BY Catherine D. Anspon // 08.05.15

PaperCity chats with the impresario behind the Houston Fine Art Fair, owner/founder/director Rick Friedman, who tells tales from the original disco-era dance competition that launched his career (including a brush with Andy Warhol) to how he began in the fair biz and his personal collecting fever for his Hamptons neighbors — the late, great masters of Abstract Expressionism.

Take us back to the beginning.
I created the original format and served as emcee and producer (with Regine Zylberberg) of Dance Fever, which was first staged at Regine’s disco. It was wildly successful and caught the attention of Merv Griffin Productions, who bought the concept and staged the TV format in L.A. six months later. Deney Terrio, one of my Regine’s dance judges, took over my role as emcee on the TV version — yes, Deney trained John Travolta for Saturday Night Fever. Paramount used many of my competitors in the backdrop of that now-famous scene at 2001 Odyssey Disco in Brooklyn. I didn’t think the magic would transfer to TV, but it did run in syndication for six years. My man Deney and I were considered among the most physical disco dancers in NYC of that era. Yes, I was a damn good street dancer …
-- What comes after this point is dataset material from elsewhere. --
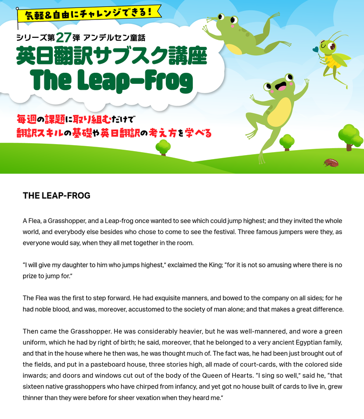 - 英日翻訳サブスク講座 The Leap-Frog by Hans Christian Andersen
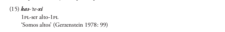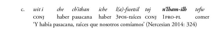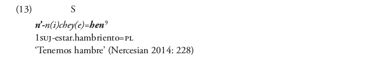 A su vez, la autora presenta el uso de un morfema discontinuo compuesto por el prefijo de primera persona singular más el clítico de plural =hen para codificar primera persona plural exclusiva cuando funciona como S (13).

On you and Andy Warhol, a judge on Dance Fever. What was he really like?
What I learned from Andy: He was dumb like a fox. He always acted confused, befuddled and lost, needing people’s help, but it was feigned. He knew exactly what he was doing all the time, so people let down their guard with him. He liked being at Regine’s and Studio 54, which were the clubs for the rich and famous, because they could become clients. And Andy’s game was selling a portrait painting for $25,000, which he asked me several times to commission from him. Back in the late ’70s when I was a kid, that was an ungodly amount of money. His genius was in seeing what other people looked at. He would look at a situation and make a simple, childlike comment that summed up what was happening, in a way that no one else could. He was always outside looking in. He said to me, “Always play to the expensive seats.”

Warhols of your own.
I have a wonderful Warhol ink-and-gold-leaf drawing of a shoe — before he became famous, he drew shoes for newspaper ads. And I have the seminal prints: Liz, Flowers and the Campbell’s Soup Can from his Factory editions.

Did you know he got the Flowers idea and inspiration from a June 1964 issue of Modern Photography magazine, which had seven hibiscus printed in a glossy foldout to show the variations in different chemical processes. The serial format appealed to Warhol, so he cropped it as a square showing four of the seven flowers. The photographer sued Warhol. So thereafter, Warhol based his art on photos he took himself.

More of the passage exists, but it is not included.